それらと並行して蒸気船の開発も進め嘉永4年か ら研究を重ね斉彬が江戸に参勤交代で向かう安政元年1月には15馬力の長さ約21メートルの蒸気機関の建造を指示して薩摩を出発。翌年の安政2年5月1日に進水式に漕ぎ着けて失敗。蒸気機関は日本には未だ早かったと思いきや江戸の田町屋敷でも蒸気機関の製造プロジェクトを別に走らせており、こちらは安政2年7月3日に完成したものを公開して見た人達を驚かせます。
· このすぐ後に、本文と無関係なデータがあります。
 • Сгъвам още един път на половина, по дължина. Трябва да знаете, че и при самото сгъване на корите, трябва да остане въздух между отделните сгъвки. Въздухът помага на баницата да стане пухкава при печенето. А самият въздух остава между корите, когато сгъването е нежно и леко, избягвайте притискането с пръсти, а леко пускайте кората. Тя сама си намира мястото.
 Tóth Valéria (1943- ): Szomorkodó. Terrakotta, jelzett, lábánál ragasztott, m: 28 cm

同年8月23日に蒸気機関を越通船に取り付け試運転したところ好評を得たので雲行丸と名付けます。名前の由来は乗った人間が衝撃の余りにう○こを漏らしたことから由来する訳がなく、恐らくまるで雲の上を行くようであったとか、まぁそんな理由で決まったのでしょう。
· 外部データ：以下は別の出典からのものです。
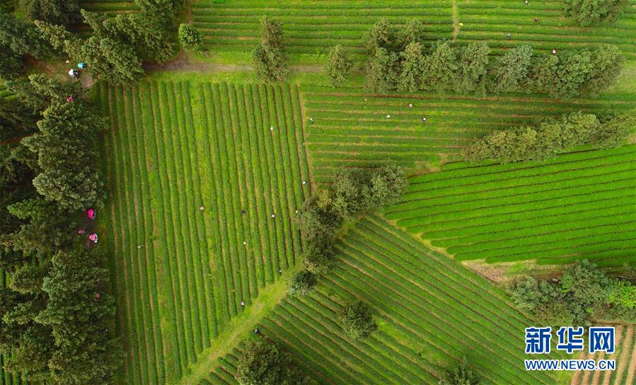 4月3日,浮梁县臧湾乡茶农在新佳茶园基地采茶(无人机拍摄)。 日前,江西浮梁县绿茶迎来全面开采期,茶园里一派忙碌景象。近年来,江西浮梁县依托生态优势,大力发展茶产业。目前,全县共有茶园近16万亩,通过开展“公司+合作社+农户”的产业模式,带动全县350余户实现脱贫致富。 新华社记者 胡晨欢 摄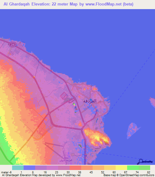 Below is the Elevation map of Al Ghardaqah,Egypt, which displays range of elevation with different colours.

斉彬が生きている間に大船12船の製造計画のなかで実際に竣工されたのは他に御用船として「鳳瑞丸」「大元丸」薩摩藩で使用する為の「万年丸」「承天丸」の4艘だけでした。他に斉彬は洋学者の石川確太郎に命じてイギリスの海軍制度を調べさせていた点から考えると同じ島国であり国土の広さも比較的近いことからイギリスをモデルとした海軍の整備を想定していたのではないかと想像します。

今回、書いていて斉彬が幕府に対して海外からの驚異を伝えると共にその対応を迫る姿が目に浮かびました。薩摩藩は海外から見ると日本の玄関口とも言える立地にある琉球を抱えていたため早くから欧米諸国からの驚異に曝されていました。そしてペリー来航によって自由自在に動く軍艦、つまりは蒸気機関を見せられたことによって日本が文字通り右や左の大騒ぎとなっていた中で斉彬はこれを作ろうとしていました。しかも斉彬はペリー来航の翌年には西洋型の大型帆船を造船して蒸気機関を動かし他にも水雷や地雷の実験を成功させていたというのは、やはり驚愕に値するように思います。
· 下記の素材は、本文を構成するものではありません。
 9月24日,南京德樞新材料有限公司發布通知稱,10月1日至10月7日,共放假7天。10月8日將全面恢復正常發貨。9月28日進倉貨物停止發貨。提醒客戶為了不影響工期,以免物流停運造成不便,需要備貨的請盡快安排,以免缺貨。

斉彬は技術の重要性を認識して、それを導入する為に実際に決断して実行出来る数少ない人物でした。更に藩主という研究に携わる人的リソースの割り振りを決める事の出来る人物となると更に数は少なくなります。齢50で斉彬は世を去りますが、せめてもう数年でも長く生きていれば幕末維新の景色は全く違うものとなっていたのではないかと思えてならず、そこに歴史の非情さを感じずにはいられません。